The list can go on and on. The worse is of course the exploitation of these so-called uncivilized people in shows like the one I told you about, exaggerating their condition and shamelessly incorporating them as "extra" in the big badass documentary just like old Hollywood will create a thorough set and hires extras to make their colossal movies. In the end, it was just a bunch of pathetic lies, down to where they can always find someone that speaks English to assist them in their journey. Seriously, English is not commonly use in Papua New Guinea, and those that do speak it most likely have spent considerable time with Westerners/ English-speaking natives. This means that this dude is in the hands of "friends" all the time, yet still need to "spice" things up for the audience. (On another note, you don't get killed just for having different color skin or for being an outsider; the reason why you need a guide to enter tribes such as the one in Papua is out of respect for the community and to prevent you from doing idiot disrespectful thing that might cost you, or heaven forbid, tainted the whole village.
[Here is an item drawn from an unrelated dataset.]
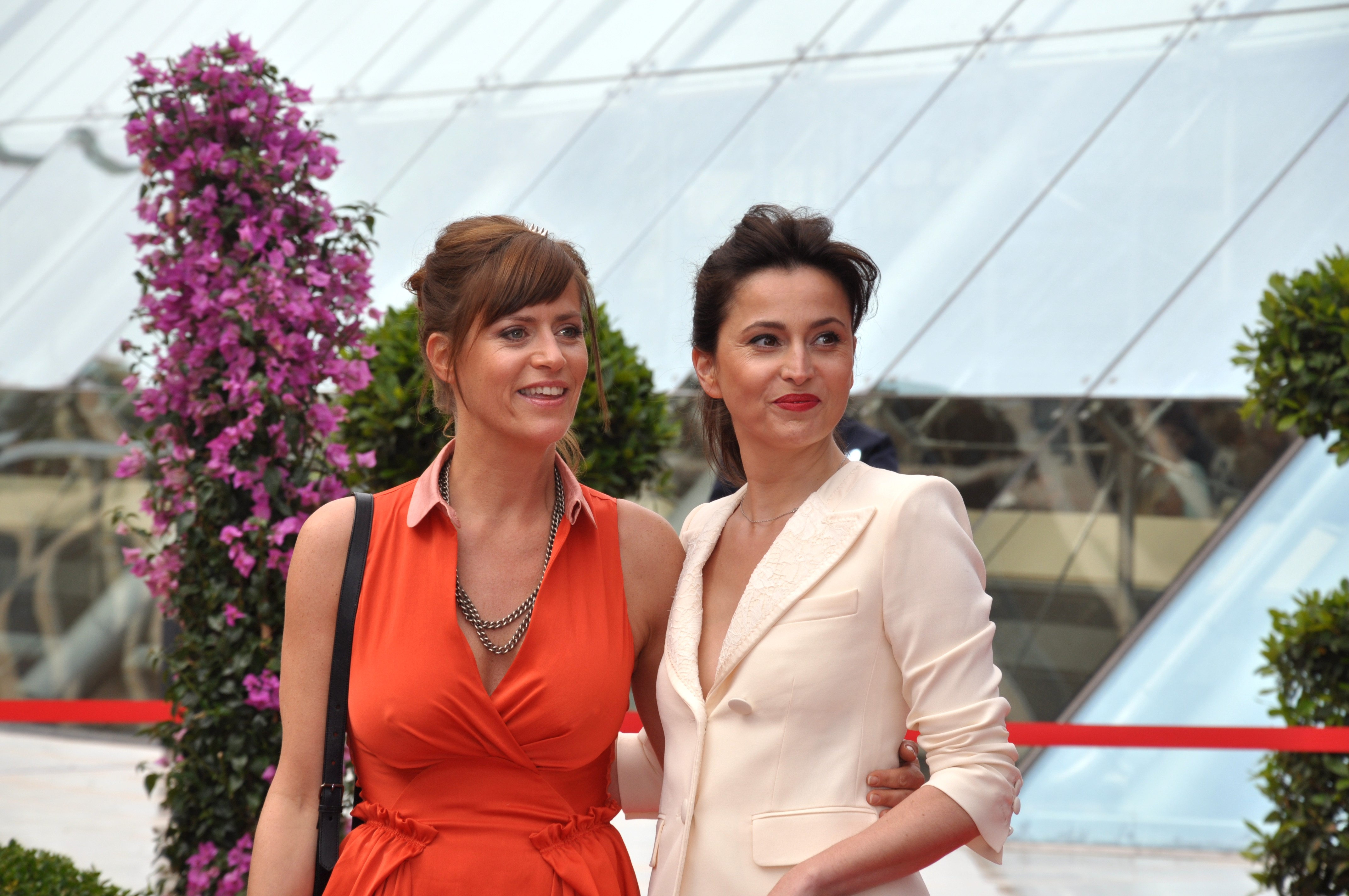 Anne Caillon and Anne Charrier at the 2013 Monte-Carlo Television Festival.

It happens.)

As my husband said, this is just a made-up movie, no need to get bent out of shape because of it. Too true, and to be fair these documentary makers also exploit and exaggerated other people such as the real housewives of, or the (now-not-so-young) youngsters of jersey shores. It is unthinkable to think real people act like the one they portrayed in the those TV series. They were merely being poorly captured like their fellow human in the third world country (How I hate the word! Come on, these tribes has been around longer than the western civilization and they actually prevailed instead of being devoured by another countries!). However, if by the end of this article you still believe that you are much better than those third-world-country-uncivilized-barbaric-sorry-humans I can't really blame you. After all, as the picture above beautifully illustrate there are people that actually think foreigners expected to be picked up by John Wayne-esque cowboys on horses upon arrival in LAX. They even write articles about it! So yeah, all is forgiven. Evolution is a picky bastard.

PS: I have no idea who John Wayne is, but upon my arrival in LAX I do think I would see people dressing up so free and crazy. I mean, this is USA, the land of the free. My husband takes me to Walmart that night to shop, and I saw this young woman in Supergirl costume (complete with cape) and sunglasses (with the price tag still on) driving between the isles on some kind of motoric vehicle that the elderly often uses. My wild accusation and vivid imagination did not disappoint me.